Steps to Apply for A Sonicwall VPN Connections Certificate

• First, you will need to log into your appliance. You can then click on System>Certificate>New Signing request
• Fill Fully Qualified Domain Name (FQDN) that you intend to use for SSL and fill out the Certificate Signing Request.
• You can now download CSR. Use the text editor to make any edits. One of the best options that you can use is Notepad++. This is because it keeps a format that will make it easy to copy the CSR request over to the Certificate authority.
• Contact the certificate authority and ask them for the SSL. Provide the CSR when they request for it. Take note that when you are downloading the already signed certificate from a Certificate Authority like Thawte or GoDaddy, you will need to choose a server platform such as Apache SSL.
• Once the Certificate Authority has been given a certificate, you will need to upload it to Pending Request.

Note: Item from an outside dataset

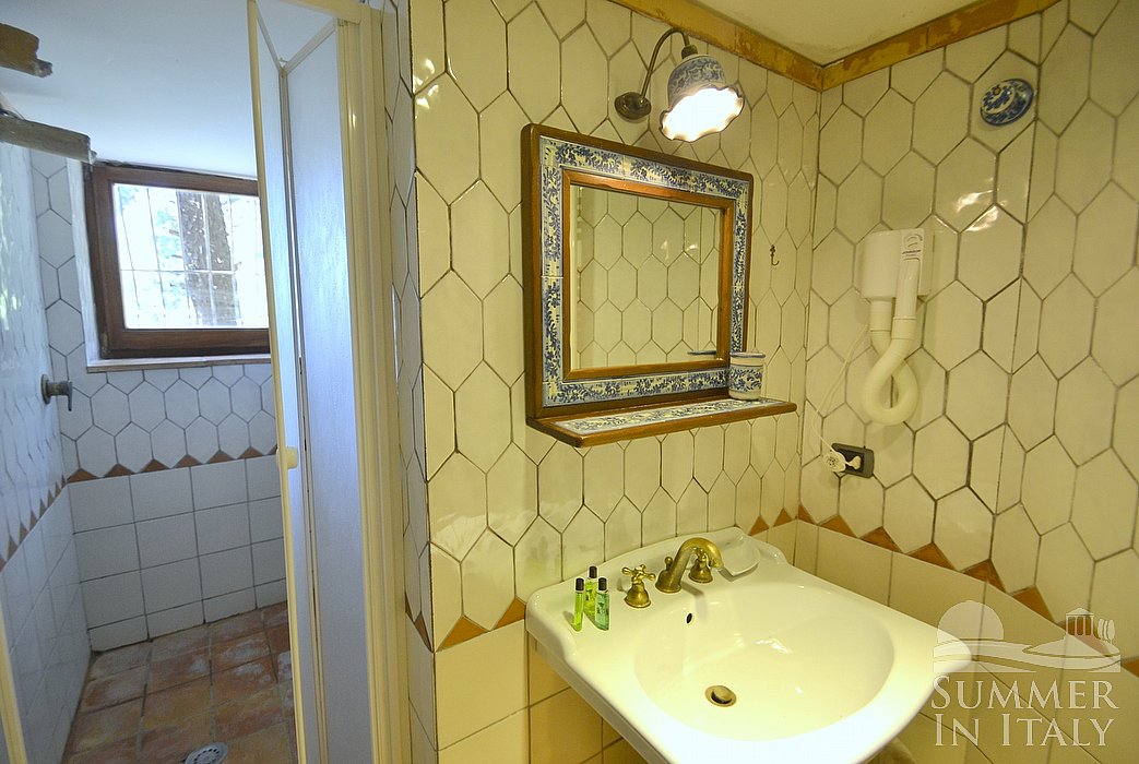 The rooms are located in two buildings: the medieval tower and the annex. From the entrance gate you will reach the annex descending approximately 115 stairway steps. The swimming pool is close by the annex. From the annex you will reach the medieval tower descending approximately 110 steps (for a total of 225 from the entrance gate). From the medieval tower you will reach the Jacuzzi pool along a walkway which includes approximately 55 stairway steps. From the medieval tower you will reach the sea descending approximately 223 stairway steps (for a total of approximately 448 from the entrance gate, or approximately 333 from the annex).

Installing the SSL Certificate

• The Certificate Authority (CA) will send the SSL certificate via email and will be included in a zip file. All you will need to do is to download that zip file before extracting it to the server directory. You can then create a fresh zip file using the name certkey.zip. These two files should be inserted in “server.ley” or “server.crt” into the specific folder.
• A pop-up window will appear. Click on the button marked “Browse” and choose a server.zip file to get into your email. Then click on the “Upload” button. This will bring up the certificate on the list of certificates under the certificate page.

Setting up the SSL certificate

• Click on System > Certificate page > Server certificate. This is usually at the right side of the SSL certificate, showing pending request. Then click on the icon dubbed Configuration.
• You will be required to input the password that you created during the CSR generation.
• You should then click Submit.

Making Changes

• You will once again need to click on System > Certificate page > Server Certificates. Now you need to choose the certificate that you would like to make active.
• On the page of System > Certificate page, you will need to click on the button marked Apply.
• You should then restart your appliance
• In order to restart it, you should expand the table under System>Certificates>Restart

With these steps, you would have completed the installation of your SSL certificate.

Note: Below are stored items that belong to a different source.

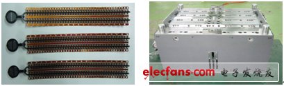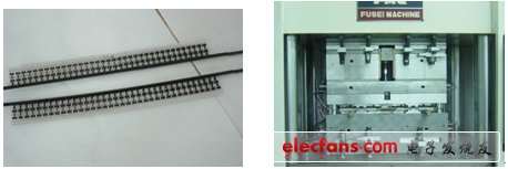 模具一般設置8組模盒,二個料筒,適用傳統(tǒng)單缸模用預熱型大直徑樹脂。模盒采用快換式結構,注射推板的平衡采用齒輪齒條及自潤滑導滑塊結構,油缸一般采用二個φ80mm缸徑的油缸,行程70mm左右。使用注意事項:模具每次在升溫重新生產前,需通過上下模架二端邊擋塊的緊定螺釘將組件與澆道板頂死,確保封裝時鑲件與澆道板之間不溢料,防止產品X向錯位。針對產品SOD、TO、DIP、鉭電容等單排產品。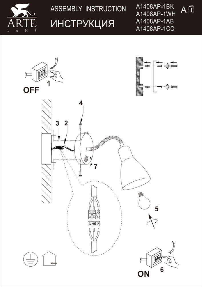 СохранитьARTE Lamp #ARTE LAMP A1408AP-1AB светильник настенный интересное: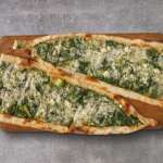 Mevsim sebzeleri, ıspanak, köz patlıcan ve kaşar peyniri

It is usually considered to be more secure to use digital certificates for the purposes of authentication rather than using the VPNs pre-shared keys. One of the methods that are commonly used to authenticate 2 peer devices while establishing an IPsec VPN tunnel is through the digital certificate. Another option is through IKE that uses pre-shared keys. Some of the features that come with IKE authentication that is certificated in the SonicWall VPN connection includes:

• A digital certificate that is provided by a third party CA such as Verisign.
• The administrator at SonicWall can create a CSR and have this signed by the CA.
• There is a need for the two parties to trust the certificate’s issuer.

This article will guide you on acquiring certificates the from Sonicwall VPN connection. This certificate signing process that we are guiding you through uses the Windows Server 2008 CA.

Creating A Certificate Signing Request

• You will need to start by logging into SonicWall’s management GUI.
• Click on System and then Certificate page.
• Navigate to New Signing Request in order to create the same CSR
• Click Generate in order to save
• Refresh that page
• Click download

How to Get A Certificate For The Wan Groupvpn Configuration

• On your browser, you will need to go to the enrollment page on Microsoft Windows. You can find it on http:///CertSrv
• You will be prompted to authenticate. You will need to enter your username as well as the password.
• You can now go to Request a certificate > Advanced certificate request
• Use the Saved Request box to copy the CSR’s content.
• Click on Certificate Template and choose Administrator. You should take note that the web server or user template can also end up chosen.
• You can enter san:email=<local-part@domain.com or san:dns=yourdomainname.com. After clicking Submit, you will go to the next page where you can now click on Download Certificate. This will make it possible for you to save the already signed certificate to the disk.

Downloading CA Certificate

• Visit the enrolment page of Microsoft Windows on http:///CertSrv
• Click on Download CA certificate
• Move to the next page and again click Download CA certificate. You can save in on your disk

You can visit SonicWall VPN connection and use the button under CSR pending request to upload the already signed certificate. In order to gain trust and to validate the already signed certificate, you can import it.

Getting Certificate for The GVC Clients

• You will need to go to http:///CertSrv. This is the certificate enrollment page for Microsoft Windows.
• You will be asked to authenticate details. You will need to enter your username as well as password of the domain user
• You can request the certificate
• Click under the advanced certificate request
• Go to certificate template and choose User or Administrator

You should bear in mind that if you need a site to site GVC or VPN that has Key Usage, where present, you should have digital Signature as well as Non-Repudiation and an Extended key Usage (EKU). Where this is present, there is a need for Client Authentication, if it works. If you are using L2PT or IPSec VPN and there is Key Usage, ensure that you make use of Digital Signature or/and Non-repudiation.

At SonicWall University, you will get access to sophisticated online courses that are designed to provide you with certifications that are up-to-date. Once you join the courses, you will have access to a wide range of e-learning certification modules, certification examples and authorised training partners.

The SonicWall training programs are suitable for network administrators and security experts who are aiming to improve their knowledge as well as increase the investment they have made in the SonicWall network Security Products and applications. With the NSAA (Network Security Advanced Administration), it becomes possible for students to configure, optimise, monitor and manage firewall appliances that run using SonicOS.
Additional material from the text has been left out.